While Democrats seemed willing to repeat the highlights of their conversation with Sotomayor as part of the PR offensive, Republican senators withheld judgmentand offered skeptical questions over her approach to the law.
Sen. Jeff Sessions (R-Ala.), the top Republican on the Judiciary Committee, said he was "very impressed" with her knowledge, experience and energy level. But he added that questions remain about her approach she would take to the law – even as she told him she “ultimately and completely” would follow the law.
“Some of the writings she has made, some of the speeches that she has made are troubling,” said Sen. Orrin Hatch, a senior member of the Judiciary Committee who also met with the nominee Tuesday. “They’d be troubling to anybody who is fair.”
“I think we need to hold our fire until we examine all of these opinions and writings,” said Senate Minority Whip Jon Kyl (R-Ariz.), who sits on the Judiciary Committee. “I think what this could boil down to -- and we'll have to examine very carefully all of the evidence -- is what this judge's view of judging is. Is it the same as the president's, which I reject, or is it more in common with what past judges and justices have done in deciding the cases on the merits rather their own feelings?”
Escorted by a handful of aides, Sotomayor was armed with talking points for her Senate visits, including telling several of them that the law was “ultimately and completely” the guiding force in how she makes decisions from the bench – even if her background helps guide how she comes to a decision.
Leahy and Sessions are planning to hold a critical meeting Wednesday morning to discuss timing on considering the nominee.

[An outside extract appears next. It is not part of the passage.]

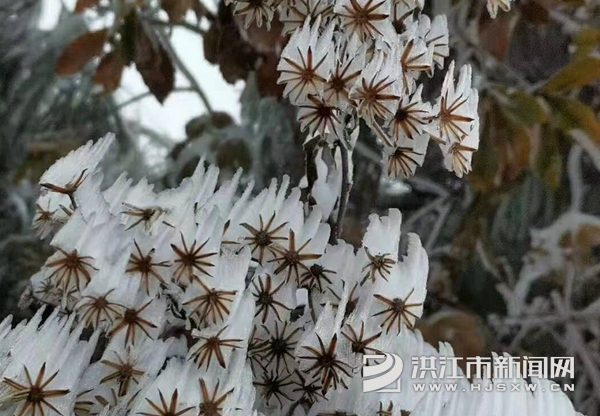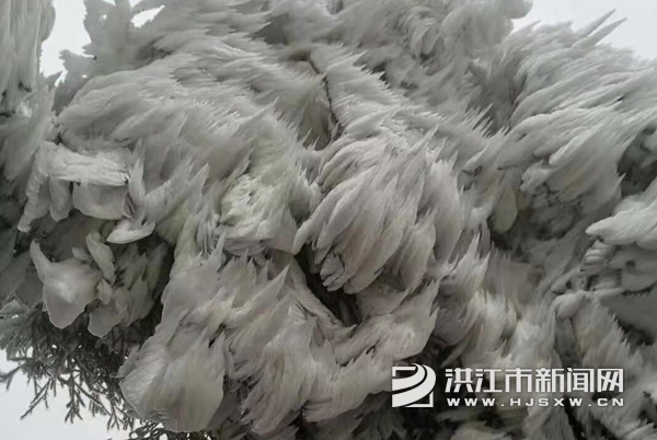 “雾凇”一词最早出现于南北朝时代宋·吕忱(公元420年—479)所编的《字林》里,其解释为:“寒气结冰如珠见日光乃消,齐鲁谓之雾凇。”这是最早见于文献记载的“雾凇”一词。雾凇俗称树挂,非冰非雪,是在严寒季节里,空气中水汽直接凝华,或过冷雾滴直接冻结在物体上的乳白色冰晶沉积物。雾凇的形成需要严苛条件,气温不但要足够低,而且水汽还要足够充分,是非常难得的自然奇观。(通讯员 向 瑞)
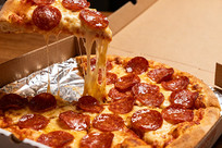 铝盒装的意大利香肠披萨拉丝效果诱人

Leahy said Tuesday that Sotomayor has been the subject of “vicious” attacks – including one by Tom Tancredo likening her involvement with La Raza to that of the Ku Klux Klan and Rush Limbaugh calling her a “racist” – and he wants her to come before the committee as early as July. He said it would be “irresponsible” to wait until September to hold hearings since she would not be able to respond to the attacks, but Sessions disagreed.
“I don't think it will be irresponsible,” Sessions responded. “I hope the chairman will keep an open mind on this.”
If no deal is reached, Democrats expect an announcement on the hearing schedule to be issued in the coming days, with July a likely target, sources said.
"It will not be a fair process if they do that," Hatch said, adding that "some might" vote against her if that happened.
“I know how difficult it is for somebody who is nominated, they can’t answer charges, they can’t speak out when they’re a nominee,” Leahy said.